Where are we going with the environment?

Climate change is not the only thing affecting the environment. Some of the other issues we have been forced to address in the past are acid rain, ozone depletion, pesticides and even over-fishing. We humans have managed to make a mess of the environment and its is going to take some real effort to make things better.

Earth Day is one of those things we do to help bring attention to the situation. Earth Day this year falls on April 22 and events are planned worldwide.

The National Science Foundation (NSF) has 25 sites in the Long Term Ecological Research (LTER) Network for the purpose of in-depth studying of various ecologies around the world. The ecologies include diverse regions to provide a picture of the planet. Places located within the U.S. include such places as acid rain lakes in the Adirondacks, the Arctic in northern Alaska, the Pacific Ocean off the U.S. West Coast, the desert region around Phoenix, Arizona and river basins in Wisconsin. NSF held an annual mini-symposium on February 21 of this year to discuss where these ecologies are going.

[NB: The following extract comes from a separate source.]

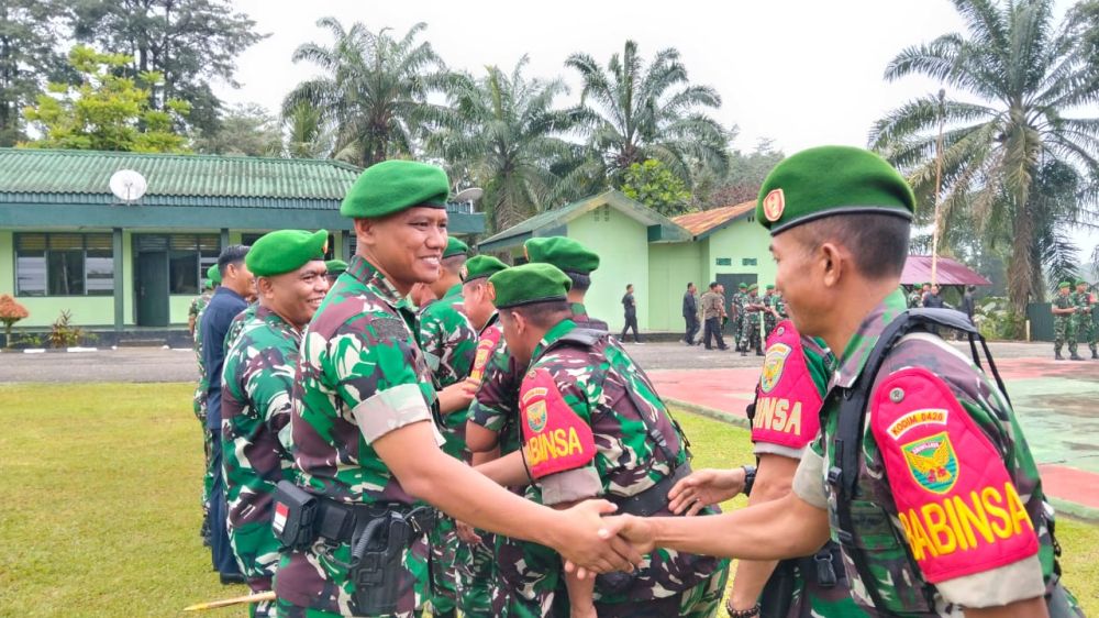 MERANGIN –Dalam rangka mempererat tali silaturahmi pasca Hari Raya Idul Fitri 1446 H, Komando Distrik Militer (Kodim) 0420/Sarko menggelar acara Halal Bihalal yang berlangsung dengan penuh kehangatan dan kekeluargaan. Acara yang diadakan di Markas Kodim 0420/Sarko ini dihadiri oleh Seluruh Koramil Jajaran Kodim 0420/Sarko. Kegiatan Halal Bihalal ini menjadi momentum penting untuk saling memaafkan dan memperkuat kebersamaan setelah menjalani ibadah puasa selama bulan Ramadan. Acara dimulai dengan sambutan oleh Komandan Kodim 0420/Sarko, Letkol Inf. Suyono S.sos, yang menyampaikan pentingnya menjaga tali persaudaraan dan semangat kebersamaan dalam membangun bangsa. "Halal Bihalal ini adalah kesempatan kita untuk kembali mempererat hubungan dengan saling memaafkan dan memperkuat rasa persatuan. TNI bersama masyarakat harus terus bersinergi untuk kemajuan daerah kita, khususnya dalam menciptakan keamanan dan kedamaian," ujar Letkol Inf. Suyono S.sos Selain itu, acara ini juga dimeriahkan dengan berbagai kegiatan, seperti pemberian santunan kepada anak yatim, doa bersama, serta ramah tamah antara anggota TNI, Polri, dan masyarakat. Suasana penuhc kebahagiaan pun tampak ketika seluruh peserta saling berjabat tangan, saling meminta maaf, dan berbagi kebahagiaan setelah menjalani bulan penuh berkah. Kegiatan halal bihalal ini juga menjadi wadah untuk mempererat komunikasi antara TNI dan masyarakat, sehingga daptat menciptakan rasa aman dan nyaman di wilayah Kabupaten Sarolangun. Harapannya, semangat kebersamaan yang terjalin akan terus berkembang dan membawa dampak positif bagi kesejahteraan masyarakat. Acara ditutup dengan doa bersama untuk memohon keberkahan dan keselamatan bagi bangsa dan negara, serta harapan agar dapat terus memperkuat semangat gotong royong dalam membangun Indonesia yang lebih baik.

Off course, there is bad news. Things are changing and not many of the changes are for the better. Some of these environments will take hundreds of years to recover from the damage done to them. The good news is that some of them are recovering. We are making a difference in some areas. Acid rain is a good example. We have managed to make some significant improvement here since the 1990s.

This is something we need to focus on when we discuss climate change. The climate is changing due to our actions. But, we can change the way we do business and maybe reverse some of the damage. At least, we can work to slow down the rate of change.